So we may determine $x_k$ inductively. Suppose $x_0,\ldots,x_{k-1}$ are known. We want to find the vector $x_k=(x_{k1},x_{k2},\ldots,x_{kk},0,\ldots,0)^T$ (so that $X^T=(x_{ij})$). By assumption,
\begin{equation}
\sum_{j=1}^k(x_{kj}-x_{ij})^2 = d_{ik}^2\tag{$\dagger$}
\end{equation}
for $i=0,1,\ldots,k-1$. Subtract the equation with $i=0$ from the others and make use of the fact that $x_{ij}=0$ for $j>i$, we get a triangular system of $k-1$ linear equations
$$
2\begin{bmatrix}
x_{11}\\
x_{21}&x_{22}\\
\vdots&&\ddots\\
x_{k-1,1}&x_{k-1,2}&\cdots&x_{k-1,k-1}\\
\end{bmatrix}
\begin{bmatrix}x_{k1}\\x_{k2}\\ \vdots\\x_{k,k-1}\end{bmatrix}
=\begin{bmatrix}
d_{1k}^2-\|x_1\|^2\\
d_{2k}^2-\|x_2\|^2\\
\vdots\\
d_{k-1k}^2-\|x_{k-1}\|^2
\end{bmatrix}
-(d_{0k}^2-\|x_0\|^2)
\begin{bmatrix}1\\1\\ \vdots\\1\\\end{bmatrix}.
$$
Therefore $x_{k1},x_{k2},\ldots,x_{k,k-1}$ can be solved by forward substitution.

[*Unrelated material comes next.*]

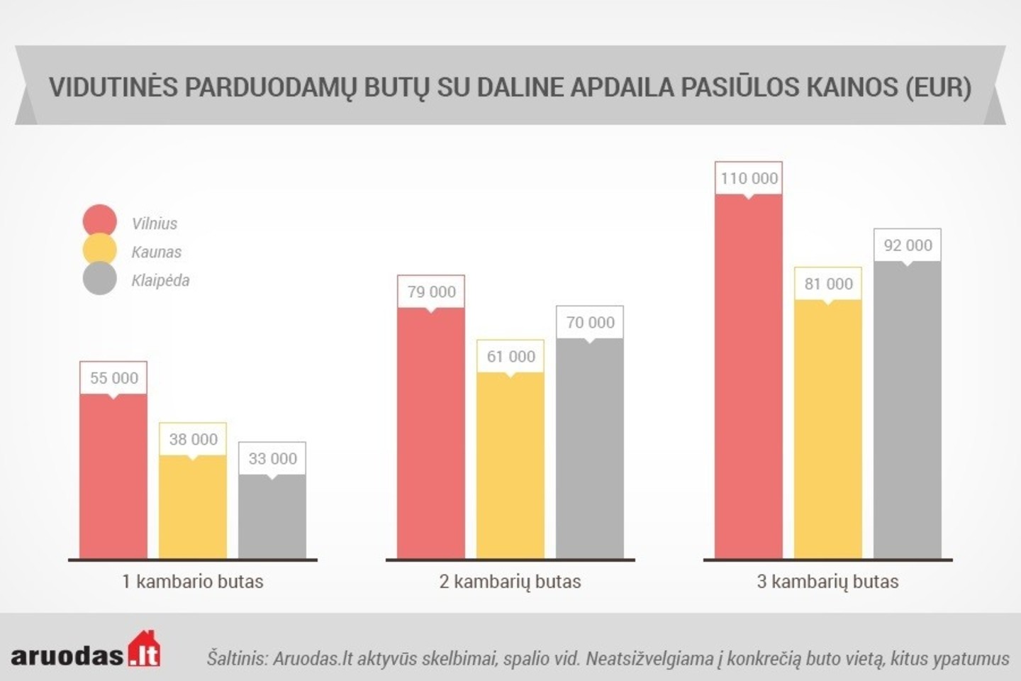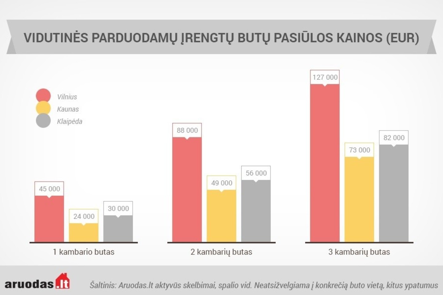 Ieškantiems įsigyti įrengtą butą, Aruodas.lt skaičiuoja, kad šiuo metu vidutinė vieno kambario įrengto buto sostinėje kaina skelbimuose yra apie 45 000 eurų, Kaune – apie 24 000 eurų, Klaipėdoje – apie 30 000 eurų. Už dviejų kambarių įrengtą butą prašoma vidutiniškai 88 000 eurų Vilniuje, 49 000 eurų Kaune ir 56 000 eurų Klaipėdoje.

Now the coefficient $x_{kk}$ can be recovered from ($\dagger$) with $i=0$, i.e. $x_{kk} = \sqrt{d_{0k}^2-\sum_{j=1}^{k-1} x_{kj}^2}$. So, the point $x_k$ exists if and only if the above triangular system is solvable (which is true if $x_{11},\ldots,x_{k-1,k-1}\not=0$) and $d_{0k}^2\ge\sum_{j=1}^{k-1} x_{kj}^2$. For your particular case, the five points can be chosen as $(0,0,0,0)$, $(1,0,0,0)$, $(0,2,0,0)$, $(0,0,2,0)$ and $(0,2,0,2)$.